Friday, July 5
The Railway Men review Real life tragedy of the gas

The Railway Men review: Real life tragedy of the gas leak feels too manufactured | Web Series


The reimagining of a real-life tragedy is always a tricky ground. How does one balance the grim and horrific imagery into the fabric of a dramatised limited series? In Shiv Rawail’s The Railway Men, which chronicles the horrifying Bhopal Gad Tragedy of 1984 into four neatly cut episodes, the effect wears off pretty soon. The elements are all in place – effective performances from a committed cast, diligent production design and an impossible story of human courage. Still, it just doesn’t add up. (Also read: The Hunger Games The Ballad of Songbirds and Snakes review: An ambitious yet flawed return to Panem)

Kay Kay Menon in a still from The Railway Men.
Kay Kay Menon in a still from The Railway Men.

The premise

How does one begin to tell a story as dense and complicated as this? The Railway Men chooses to do so right from the tricky ground at the centre, where a reporter played by Sunny Hunduja informs how the corrupted system guards its perpetrators. Gandhi’s ideals of tolerance and nonviolence hold little reason. “An eye for an eye makes the whole world blind,” he zooms in. Subtlety is definitely not the strongest quality of this series, nor is nuance.

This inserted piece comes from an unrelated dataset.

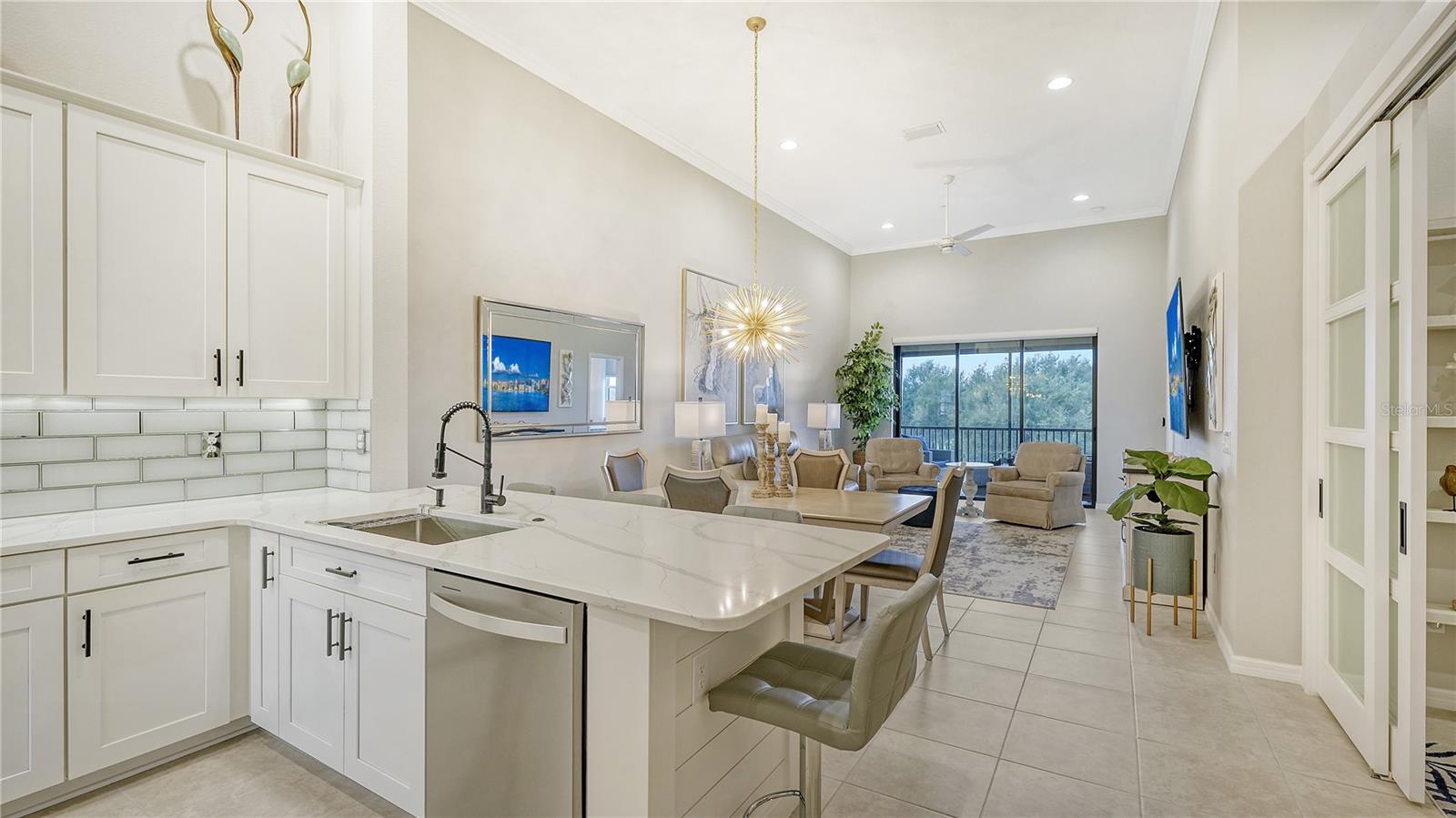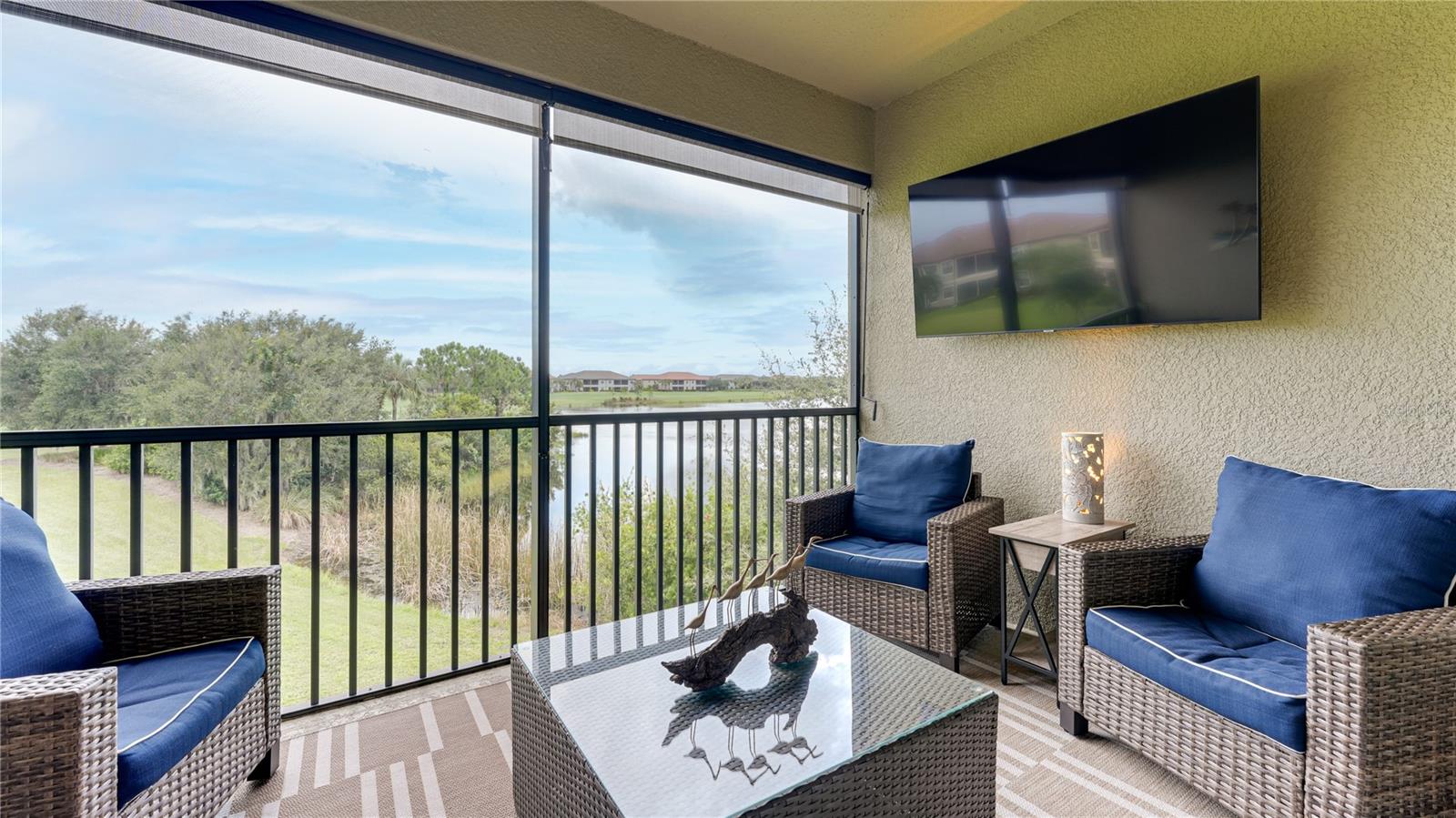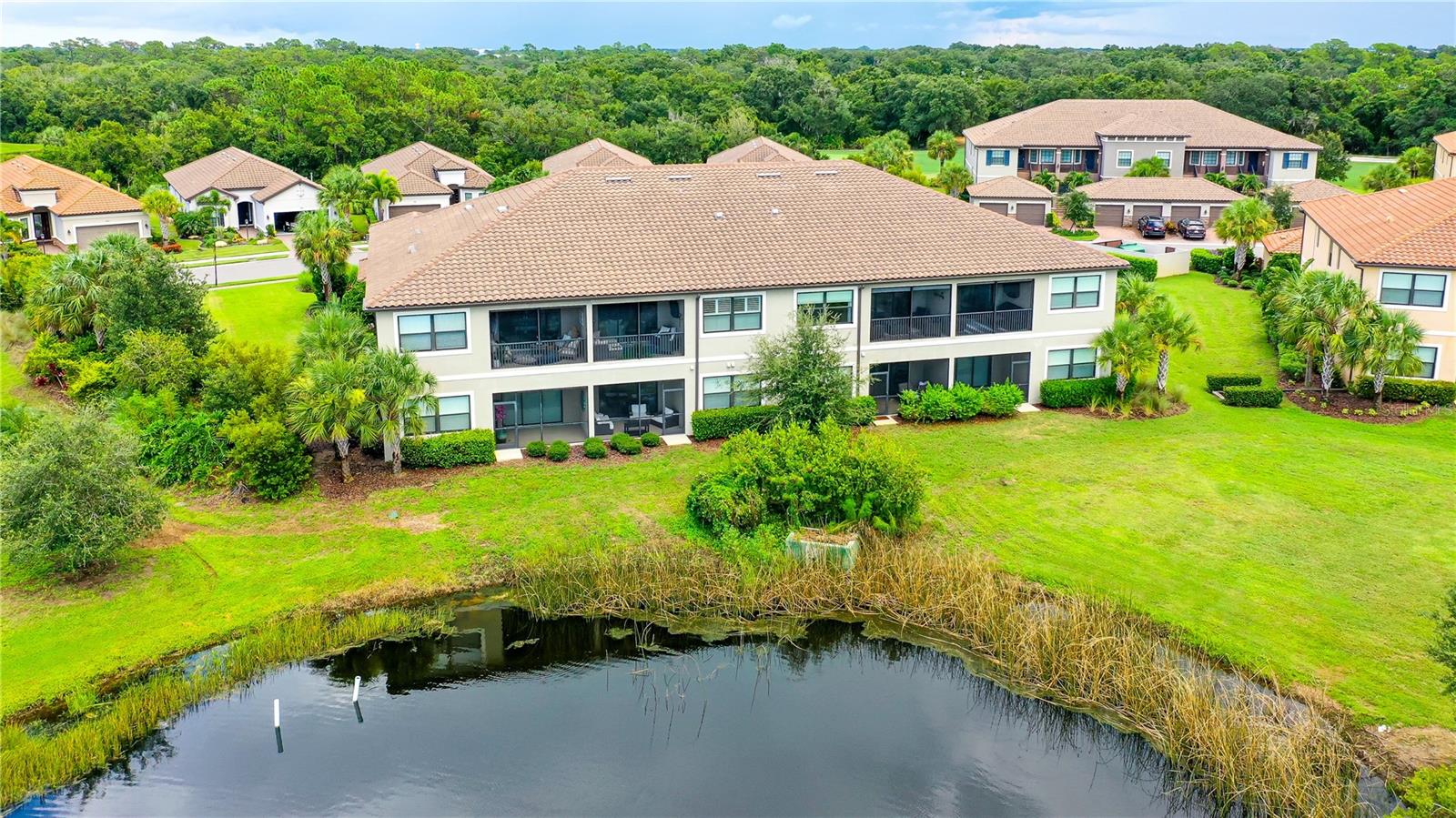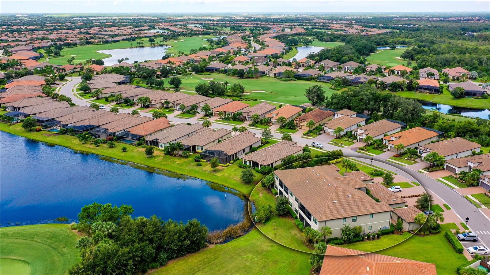 FULLY RENOVATED & FULL GOLF MEMBERSHIP to Esplanade Golf & Country Club in Lakewood Ranch is INCLUDED. Welcome to your dream home in the resort-style community of Esplanade at Lakewood Ranch, a 24-hour guard-gated community where picturesque sidewalks wind through scenic landscapes. This stunning, golf-deeded condo comes with a golf membership and is one of only eight units per building, ensuring peace and tranquility with serene water views. Built in 2020 by Taylor Morrison Homes, this home has been completely renovated throughout featuring upgraded finishes and showcases a paver stone extended length driveway with a beautiful Spanish barrel tile roof. Offering over 1,500 square feet of thoughtfully designed living space, this home includes two bedrooms and two bathrooms with a flex room that offers privacy as an office or additional guest accommodation. Step inside to discover an interior that exudes elegance, with a shiplap entry, 13-foot ceilings, ceramic tile flooring throughout, and an open-concept design. The kitchen is a chef's delight, featuring quartz countertops, under-cabinet lighting, white cabinetry, exquisite glass tile backsplash, and stainless-steel appliances. A second pantry with pull-out shelves offers extra storage, complemented by a cozy eat-in kitchen nook. The living area is elevated by crown molding and fresh paint, while frosted sliding doors provide privacy for the office or flex room. The owner’s suite is a peaceful retreat, complete with stunning views, dual walk-in closets, and a spa-like ensuite bathroom with dual sinks, a seamless glass shower, and a private water closet. A split bedroom floor plan offers privacy, with the guest bedroom conveniently located near the guest bathroom. Relax on the screened-in balcony, taking in lake views, stunning sunsets, and watching golfers on the course. Esplanade is a maintenance-free, resort-style golf cart friendly community brimming with amenities. Grab your clubs and enjoy the championship golf course included with the purchase of the home, a state-of-the-art clubhouse with a wellness and fitness center, Koquina Sand Spa, as well as multiple dining options including the Bahama Bar and Culinary Center and the Barrel House Bar and Bistro. With access to 4 community pools including a lagoon-style heated pool and a resistance pool, tennis courts, pickleball courts, bocce, a dog park, the list goes on, you’ll never want to leave. Conveniently located near A-rated schools, University Town Center Mall, Waterside Place, and Florida's world-famous beaches, this home offers the ultimate in luxury and convenience. Don’t miss your chance to call this extraordinary property your own!

The scene shifts to hours before the gas leak occurs, as the characters and their respective (euphemism for exhaustive) background stories are developed. Station master Iftekaar Siddiqui (Kay Kay Menon, reliably good) is haunted by brief flashbacks of a child he couldn’t save. He takes in the young and intelligent Imad (a terrific Babil Khan), who informs how a close friend became a scapegoat before the gas leak occurred. He is the reliable one, who will not bend his principles for anything else. There’s also a thief who awkwardly positions himself as a Railway Protection Force officer. He might as well grow some spine in the runtime.

Meanwhile, R Madhavan casually drops in midway as the General Manager of Central Railways named Rati Pandey. Juhi Chawla adds up as the Chief of Personnal seeking important answers from closed doors at the top. Meanwhile, a parallel track runs with a Sikh lady played by Mandira Bedi, who finds herself embroiled in a communal riot, who is helped by a train guard (Raghubir Yadav). With so many characters and their individual stories jostling for space in the overcrowded template of this series, the vitality of the aftermath of the gas leak is worn off quite early.

Final thoughts

The tragedy occurs and the horrors slowly and steadily wreck havoc in the area. People die. Chaos takes hold. The tension arises out of these thinly written characters, somehow failing to add to any exposition as the episodes unfold. There are multiple unnecessary distractions that float about the bleak study of the aftermath. For one, the entire subplot revolving the wedding night being torn apart by the tragedy, or the one with the German scientists arguing about the dangers of the experiment, could have been done away with.

Unfortunately, The Railway Men feels drawn to substantiate appropriation of a horrifying tragedy in large chunks. The influence of the acclaimed HBO series Chernobyl is palpable in the textures and perspectives that The Railway Men tries so hard to implement. The residues are all there in plain sight – irresponsible managers, corrupted bosses, faulty standards, and the neglect that rests over the dead bodies. By the end, The Railway Men feels too preoccupied with the chaos, too statement-oriented in its approach to a disaster drama. It forgets to interrogate the gut-wrenching terror which must live buried under the remains of truth.